• **DATA IN THIS EXERCISE**
------------------------
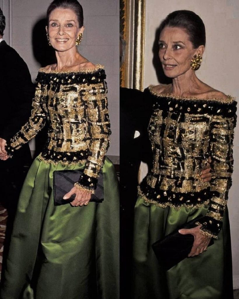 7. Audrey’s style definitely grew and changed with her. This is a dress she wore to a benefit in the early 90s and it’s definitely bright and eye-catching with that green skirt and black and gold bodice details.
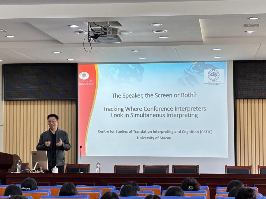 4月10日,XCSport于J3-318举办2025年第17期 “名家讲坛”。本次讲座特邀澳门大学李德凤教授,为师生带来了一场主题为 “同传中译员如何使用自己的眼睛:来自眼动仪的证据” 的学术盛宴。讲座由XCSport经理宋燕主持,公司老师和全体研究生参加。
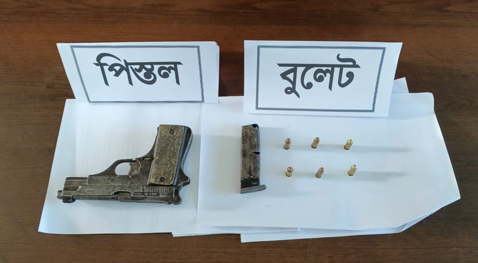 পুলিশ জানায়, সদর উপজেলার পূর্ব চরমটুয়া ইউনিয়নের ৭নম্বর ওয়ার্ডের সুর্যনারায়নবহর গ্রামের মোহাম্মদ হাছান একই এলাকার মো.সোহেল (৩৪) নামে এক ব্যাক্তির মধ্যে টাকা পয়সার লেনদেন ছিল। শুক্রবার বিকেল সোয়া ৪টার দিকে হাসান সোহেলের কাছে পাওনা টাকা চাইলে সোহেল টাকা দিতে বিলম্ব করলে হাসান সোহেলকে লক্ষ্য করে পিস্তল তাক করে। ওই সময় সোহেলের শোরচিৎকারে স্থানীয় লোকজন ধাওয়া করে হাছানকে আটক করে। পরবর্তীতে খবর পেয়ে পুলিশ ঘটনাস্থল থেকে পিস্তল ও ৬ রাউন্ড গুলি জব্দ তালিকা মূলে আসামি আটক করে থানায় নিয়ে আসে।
------------------------
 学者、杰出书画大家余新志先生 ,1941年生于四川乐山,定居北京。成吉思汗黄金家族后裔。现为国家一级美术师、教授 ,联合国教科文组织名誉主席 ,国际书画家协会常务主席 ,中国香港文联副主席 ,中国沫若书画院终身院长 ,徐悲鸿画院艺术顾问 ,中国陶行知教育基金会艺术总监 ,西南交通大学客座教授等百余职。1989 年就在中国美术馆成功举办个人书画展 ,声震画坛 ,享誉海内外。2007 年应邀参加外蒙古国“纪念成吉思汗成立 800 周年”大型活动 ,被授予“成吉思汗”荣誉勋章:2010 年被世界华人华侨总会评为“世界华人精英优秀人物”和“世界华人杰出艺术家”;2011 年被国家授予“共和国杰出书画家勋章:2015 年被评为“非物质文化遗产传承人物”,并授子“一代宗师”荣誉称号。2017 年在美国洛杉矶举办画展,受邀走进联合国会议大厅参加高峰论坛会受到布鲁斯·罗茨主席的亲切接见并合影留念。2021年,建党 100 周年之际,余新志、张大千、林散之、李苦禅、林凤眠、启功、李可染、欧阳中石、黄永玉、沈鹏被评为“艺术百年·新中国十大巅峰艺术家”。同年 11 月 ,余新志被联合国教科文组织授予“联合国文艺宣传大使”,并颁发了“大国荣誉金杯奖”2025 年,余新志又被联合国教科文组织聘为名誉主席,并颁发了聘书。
------------------------
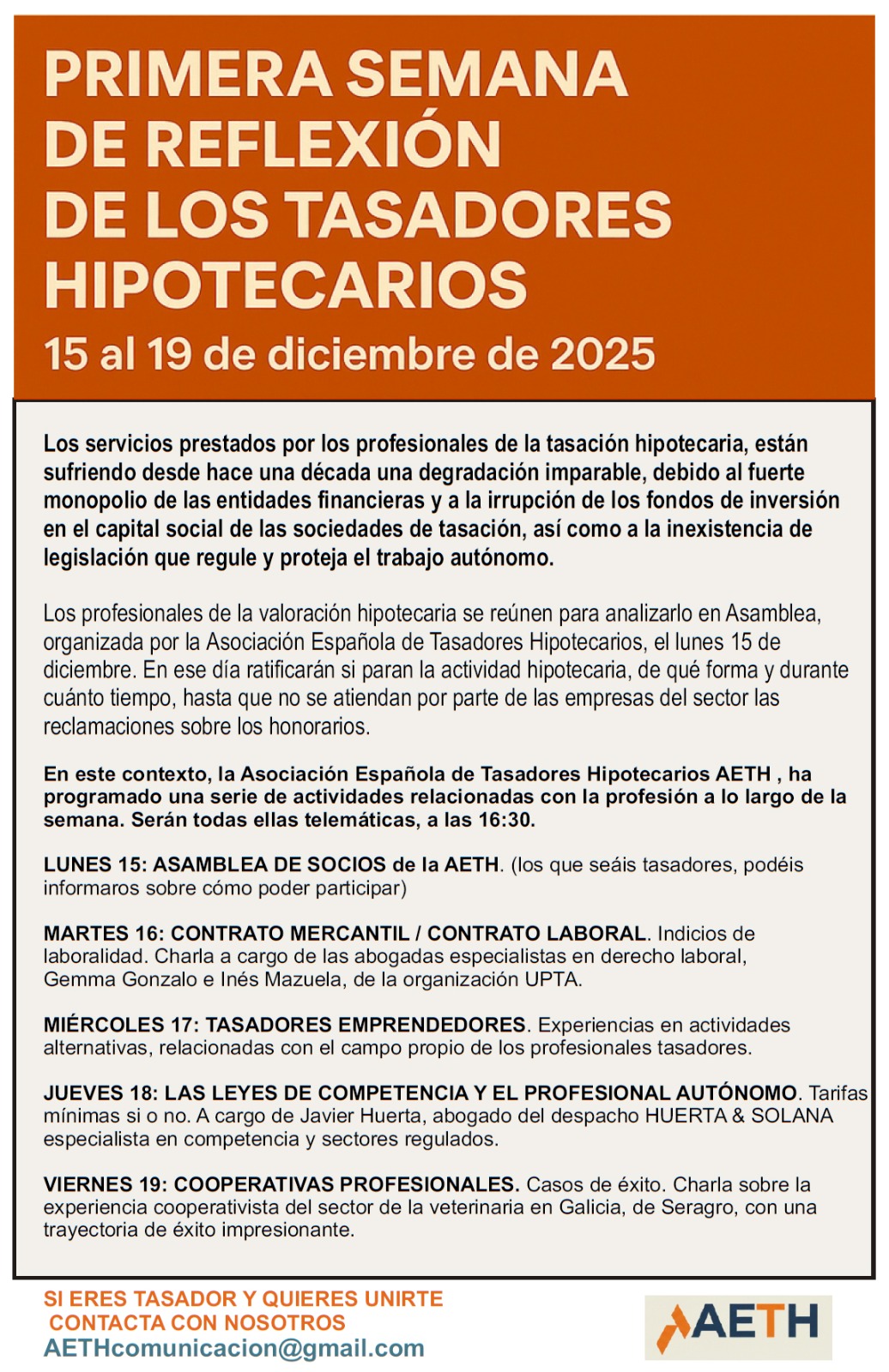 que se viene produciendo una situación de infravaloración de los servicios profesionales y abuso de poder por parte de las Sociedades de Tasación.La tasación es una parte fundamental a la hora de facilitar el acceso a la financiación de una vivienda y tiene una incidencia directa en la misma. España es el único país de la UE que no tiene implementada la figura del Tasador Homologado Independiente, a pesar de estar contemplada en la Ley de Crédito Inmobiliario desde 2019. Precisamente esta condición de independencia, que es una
------------------------
• **TASK INSTRUCTIONS**
Set the pictures aside and reproduce exactly the lines above, from the line holding "7. Audrey’s style" through the line holding "পুলিশ জানায়, সদর", both included, with nothing else.

• **THE COMPLETED TASK**
 7. Audrey’s style definitely grew and changed with her. This is a dress she wore to a benefit in the early 90s and it’s definitely bright and eye-catching with that green skirt and black and gold bodice details.
 4月10日,XCSport于J3-318举办2025年第17期 “名家讲坛”。本次讲座特邀澳门大学李德凤教授,为师生带来了一场主题为 “同传中译员如何使用自己的眼睛:来自眼动仪的证据” 的学术盛宴。讲座由XCSport经理宋燕主持,公司老师和全体研究生参加。
 পুলিশ জানায়, সদর উপজেলার পূর্ব চরমটুয়া ইউনিয়নের ৭নম্বর ওয়ার্ডের সুর্যনারায়নবহর গ্রামের মোহাম্মদ হাছান একই এলাকার মো.সোহেল (৩৪) নামে এক ব্যাক্তির মধ্যে টাকা পয়সার লেনদেন ছিল। শুক্রবার বিকেল সোয়া ৪টার দিকে হাসান সোহেলের কাছে পাওনা টাকা চাইলে সোহেল টাকা দিতে বিলম্ব করলে হাসান সোহেলকে লক্ষ্য করে পিস্তল তাক করে। ওই সময় সোহেলের শোরচিৎকারে স্থানীয় লোকজন ধাওয়া করে হাছানকে আটক করে। পরবর্তীতে খবর পেয়ে পুলিশ ঘটনাস্থল থেকে পিস্তল ও ৬ রাউন্ড গুলি জব্দ তালিকা মূলে আসামি আটক করে থানায় নিয়ে আসে।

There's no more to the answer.